Lee Rigby murder witness kills himself after three years of ‘trauma’

Danny Cornelius lived on the south London street where the soldier was attacked in May 2013

Soldier Lee Rigby was killed outside the Royal Artillery Barracks in Woolwich in May 2013
Soldier Lee Rigby was killed outside the Royal Artillery Barracks in Woolwich in May 2013

A man who was present at the murder of soldier Lee Rigby killed himself three years after he witnessed the brutal attack.

Danny Cornelius lived on the south London street where the fusilier was hacked to death in May 2013, near the Royal Artillery Barracks in Woolwich.

An inquest heard the 38-year-old, who suffered from paranoid schizophrenia, became more isolated after the incident, reported Kent Online.

“Mr Cornelius witnessed much of what happened. It would have been a huge trauma. It shook the whole community,” Detective Sergeant Sivarajah told the inquest, according to the newspaper.

Mr Cornelius had been a victim of two armed robberies and the violence of Mr Rigby’s murder would have “brought up his own previous experiences,” said Detective Sivarajah.

Fusilier Rigby, 25, was off duty when he was attacked with a knife and a cleaver by Islamist extremists Michael Adebolajo and Michael Adebowale.
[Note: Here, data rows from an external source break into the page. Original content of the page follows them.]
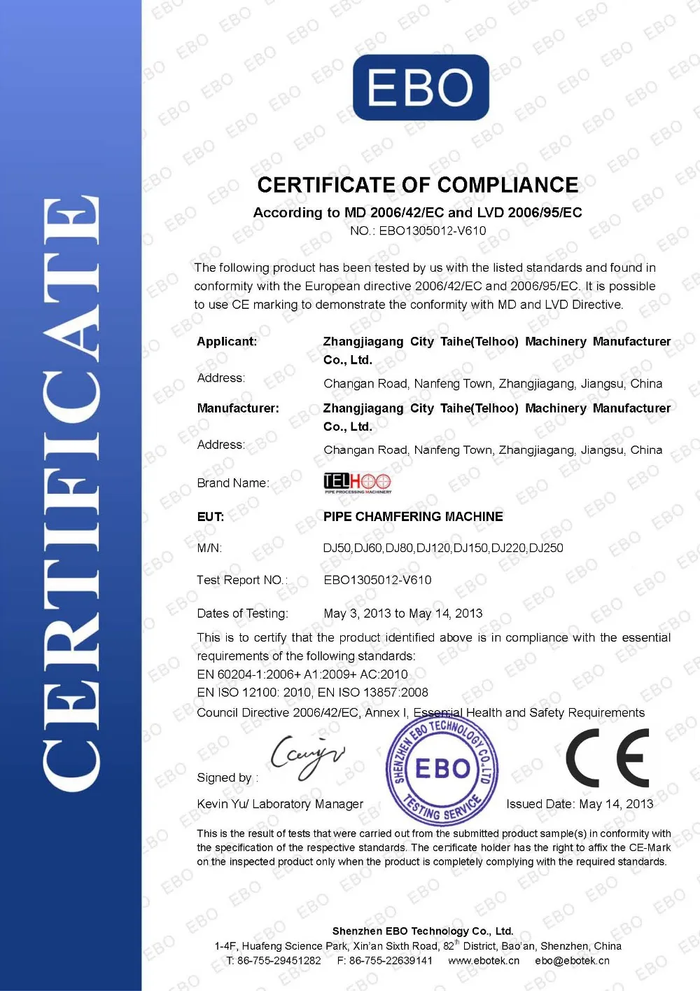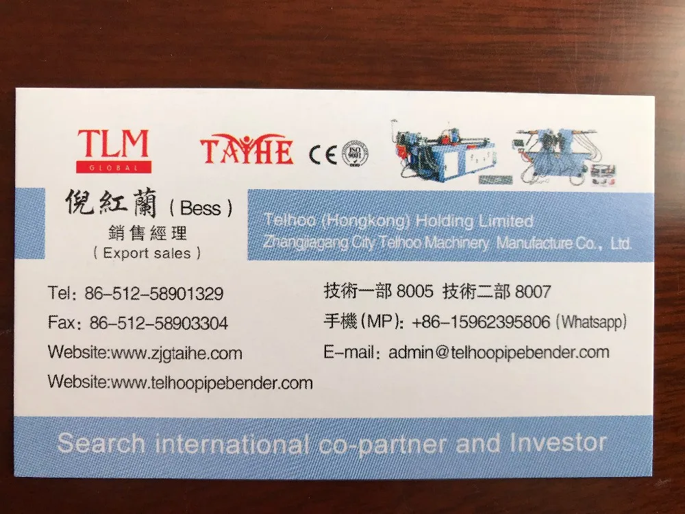 Zhangjiagang City Telhoo Machinery Manufacturing Co.,Ltd., (belong to Hongkong Telhoo Holding Limited.)established in 1991, is TAIWAN joint venture manufacturer for pipe processing machinery.
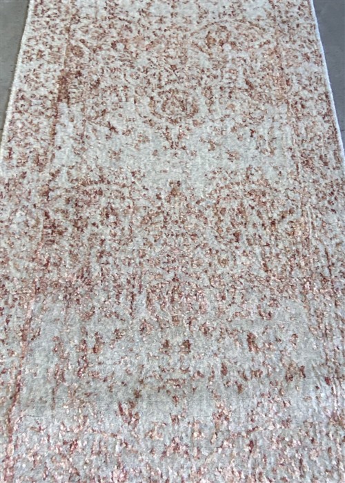 DENSE & EMBOSSED WOOL PILE. TRANSITIONAL DESIGN OF ALL-OVER DISTRESSED & EMBOSSED FLORAL PATTERNS IN SHADES OF BEIGE & COPPER.
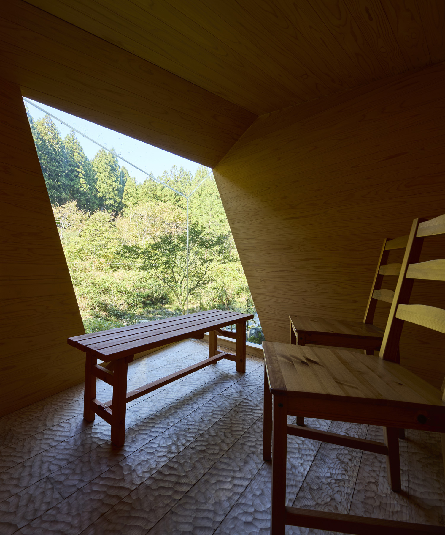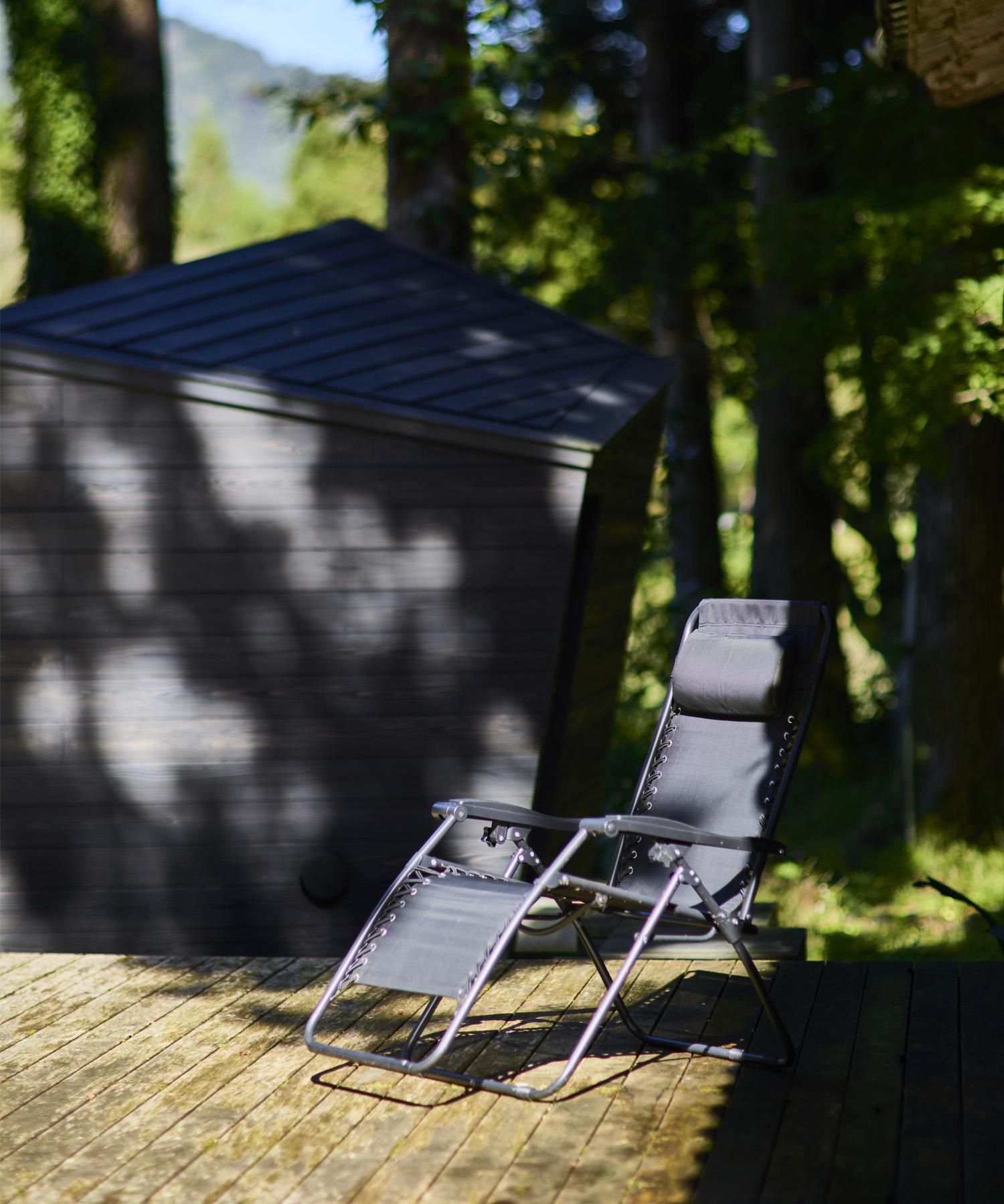 KUDARI features a striking black exterior and includes a private sauna. Inside, the gentle scent of cypress wood fills the air, and sauna stones compatible with self-löyly are provided. Experience a luxurious sense of renewal with a cold plunge bath utilizing natural river water and a wood deck where cool breezes flow through.
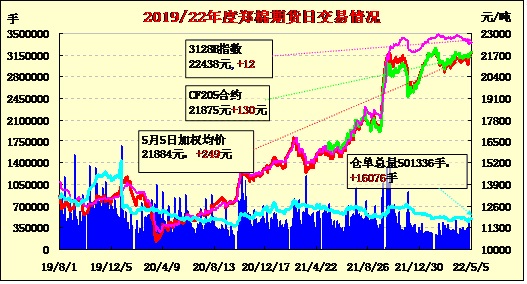 5月5日,勞動節(jié)期間ICE棉花期貨上漲,今日鄭棉在外棉上漲帶動下高開,隨后高位橫盤,日線形成高開小陰線。日內(nèi)成交量清淡,持倉量增加。美聯(lián)儲公布議息會議結(jié)果,即宣布加息50個基點(diǎn)并于六月開始漸進(jìn)式縮表,且基本上排除了接下來鷹派加息的可能,整體符合市場預(yù)期,因此或已提前消化利空因素。近日美國啟動對華加征關(guān)稅復(fù)審程序,或考慮降低對自行車、服裝等中國輸美商品加征的關(guān)稅,以幫助抑制飆升的物價。
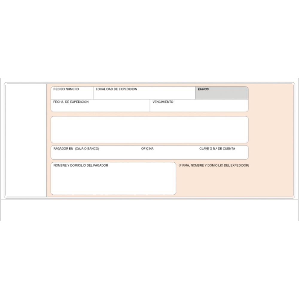 Blocs encolados de recibos impresos en 2 colores. 100 hojas, formato apaisado. Medidas: 215 x 100 mm. Envase de 5 unidades.
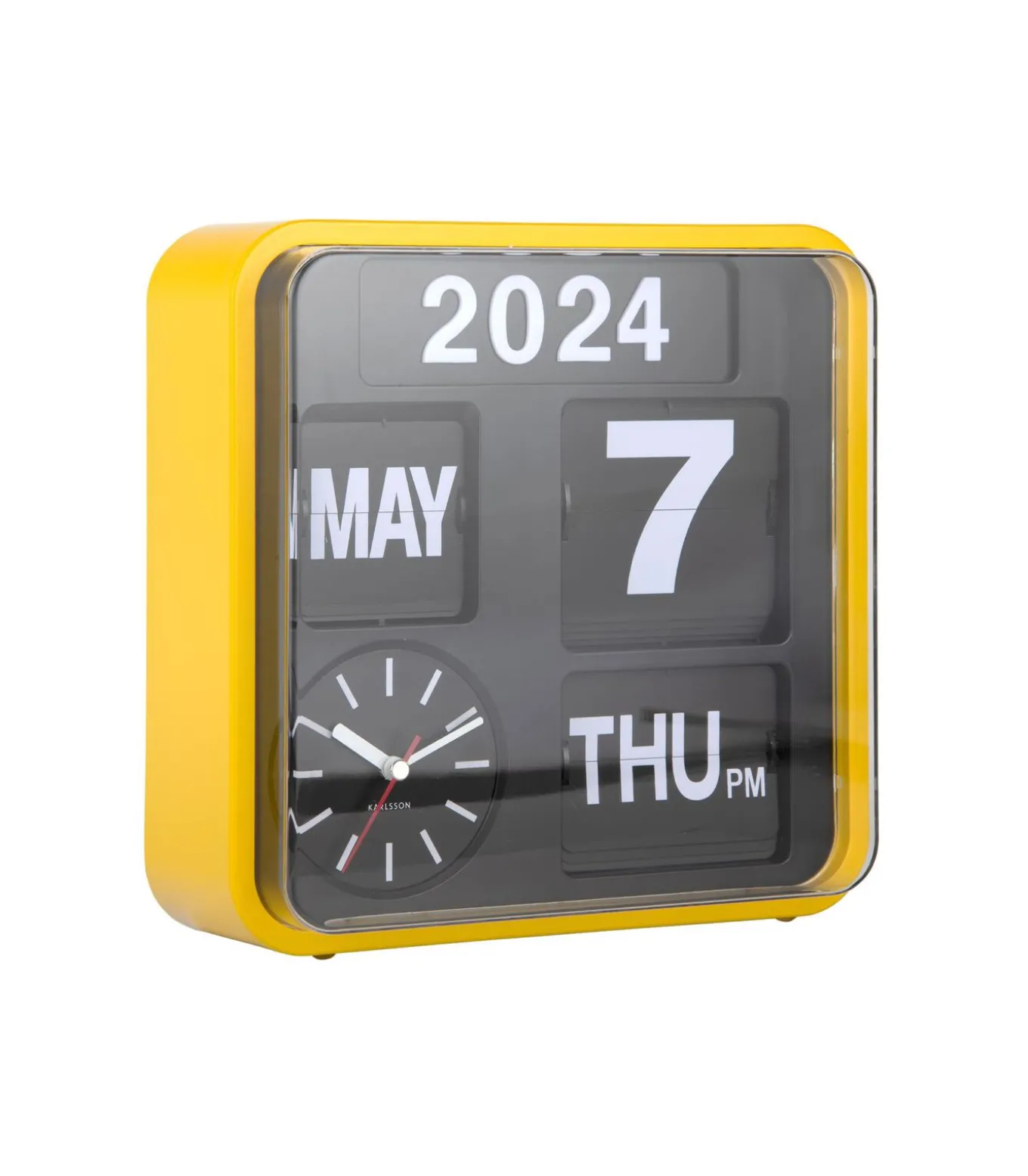 Wandklok Mini Flip – Okergeel – 10x24x24cm
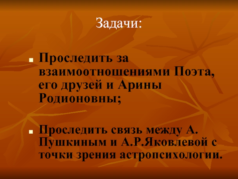 Проследить за взаимоотношениями Поэта, его друзей и Арины Родионовны;
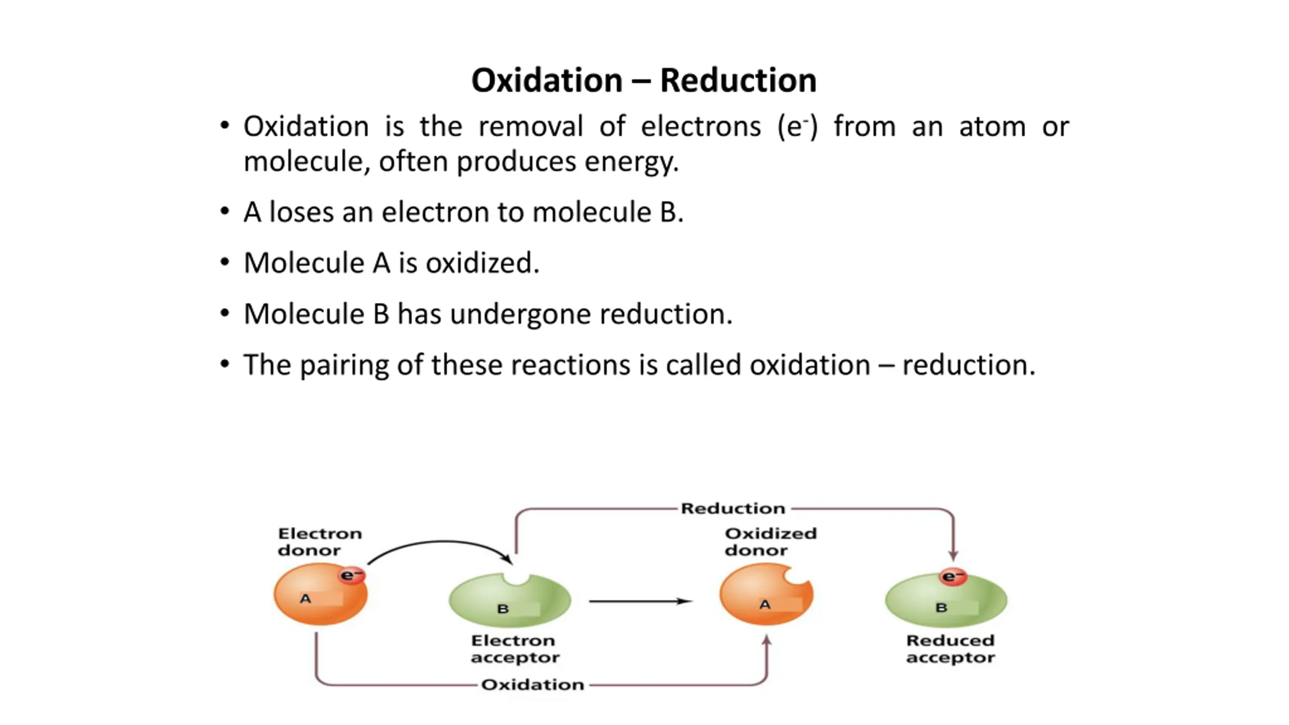 Oxidation Reduction Oxidation is the removal of electrons (e-) from an atom or molecule, often produces energy. A loses an electron to molecule B. Molecule A is oxidized. Molecule B has undergone reduction. The pairing of these reactions is called oxidation reduction.

Mr Adebolajo is serving a whole-life sentence and Mr Adebowale received a 45-year sentence.

After witnessing the attack, Mr Cornelius continued to visit his family, especially his grandparents at their home in Gravesend in Kent, but “mainly stayed indoors”, said Detective Sivarajah.

His grandparents found him hanged in their garden while he was saying with them in July, the inquest heard.

Earlier this year, the woman who confronted Fusilier Rigby's killers during the attack said her brave actions had "ruined" her life and that she wishes she had never intervened.

Ingrid Loyau-Kennett won several bravery awards for confronting Mr Abebolajo and Mr Adebowale moments after they killed the solider.

However, she says she now suffers from such severe post-traumatic stress disorder (PTSD) she struggles to get out of bed and can no longer work.

“I used to be a very active person,“ she told the Sun. “I was a scout leader, bell ringer, sing in a choir and go tapdancing. I was a very active person. Every day I had an activity.

“Now it’s the complete emptiness around me. I can’t stop sleeping, I just don’t wake up."